Information on TF-CSIRT Meetings and TRANSITS Trainings:

  • TRANSITS Trainings are usually open to the public, registration fees for trainings might apply.
  • Trainings related to TF-CSIRT Meetings are usually open to the public, registration fees usually do not apply.
  • Members of TI Listed Teams can send their team members to open TF-CSIRT Meetings, usually without registration fee.
  • Members of TI Accredited or TI Certified team members and TI Associates can attend the open and restricted TF-CSIRT Meetings, usually without registration fee.

Events supported or organized by the TF-CSIRT and the TF-CSIRT Community are listed on the event page.

Incident Response Coordination

Sometimes it is necessary to coordinate the response to global or at least far reaching incidents including but not limited to the exposure of millions of users to a new vulnerability. To facilitate this, the TI team actively engages with other entities like the CERT Coordination Center to help providing the incident response and security teams affected with the information needed to initiate a timely and proper response.

The first successful coordination activity started in early 2014 when we had distributed information about approx. 2.3 million affected IP addresses that were vulnerable to become part in DDoS attacks as NTP amplifying servers (CVE-2013-5211).

Based on our experiences we have been working on an improved process to help sharing such large scale and global vulnerability information with other CERTs and security teams across the globe. Once the TI team gets data from a trusted source in a structured format, we are able to disseminate the data within 24 hours during working days. Most certainly the TI accredited and certified teams are building the trusted backbone for any such sharing effort. Therefore we focused on making the TI database more usable demanding more precise controls on fields like ASN numbers, IP address ranges or Internet domain names.

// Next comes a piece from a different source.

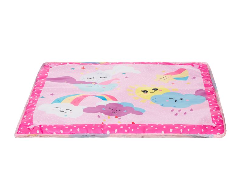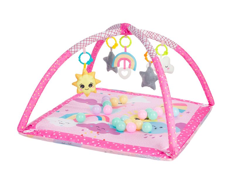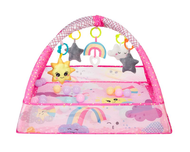 Активната гимнастика подпомага развитието на двигателните умения чрез движения като разтягане и ритане, като същевременно стимулира сетивата чрез мултисензорна игрална среда. Моделът разполага с интерактивни играчки и 18 цветни топчета, които привличат вниманието и насърчават активната игра. Допълнително удобство е функцията за затваряне на всички четири страни, която създава сигурно пространство за игра и предпазва топчетата от разпиляване
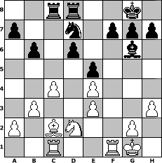 Partie-Notation im PGN-Format [Event "Das 1500er Turnier"] [Site "www.mySchach.de"] [Date "2009.06.19"] [Round "1"] [White "Andreas"] [Black "Stecher1"] [ECO "B54"] [WhitemyELO "1551"] [BlackmyELO "1585"] [Result "1/2-1/2"] [TimeControl "10/1728000"] [WhiteDays "20"] [BlackDays "14"] [MySchachNr "56711"] 1. e4 c5 2. Nf3 d6 3. d4 cxd4 4. Nxd4 e5 5. Nf3 Nf6 6. Nc3 Be7 7. Be2 O-O 8. Bg5 Qb6 9. Bxf6 Bxf6 10. Nd5 Qd8 11. O-O Nd7 12. Nxf6+ Nxf6 13. Bd3 Bg4 14. h3 Bh5 15. c3 Qb6 16. b3 Rfd8 17. Qe2 Rac8 18. c4 Nd7 19. Qe3 Qxe3 20. fxe3 Nc5 21. Bc2 Bg6 22. Nd2 Nd7 23. Rac1 b6 1/2-1/2 Stellungs-Notation im FEN-Format 2rr2k1/p2n1ppp/1p1p2b1/4p3/2P1P3/1P2P2P/P1BN2P1/2R2RK1 - - - 0 24 Geschlagene Figuren Weiss: Geschlagene Figuren Schwarz: Klicken Sie auf eine geschlagene Figur um den gewünschten Zug darzustellen!

There is also now an automated transfer of such information to the ACDC Clearinghouse (decided by each team individually if it would like to participate in this transfer), so that ACDC can send you received data belonging to your constituencies.

More Services for Members

All other services are by design restricted to the members, as they finance these services. Most importantly from the viewpoint of operational teams are the following:

  • TI Certification - Only accredited teams can apply for TI Certification
  • Public Key Infrastructure - Member team representatives as well as individual team members get X.509 user certificates in order to gain access to restricted and protected services and interfaces.
  • GPG/PGP key signing - The TI offers GPG/PGP key-signing of member team's signing key and team representative keys.
  • Downloads - The restricted members website offers a one-click downloadable CSV file with contact information about all teams registered by the TI, and a version with only Accredited and Certified teams. In addition GPG/PGP key rings are maintained and made available. You can easily integrate this information in a team's information system or in a team's trouble ticket system. The same information as in the CSV file is available as JSON file for members.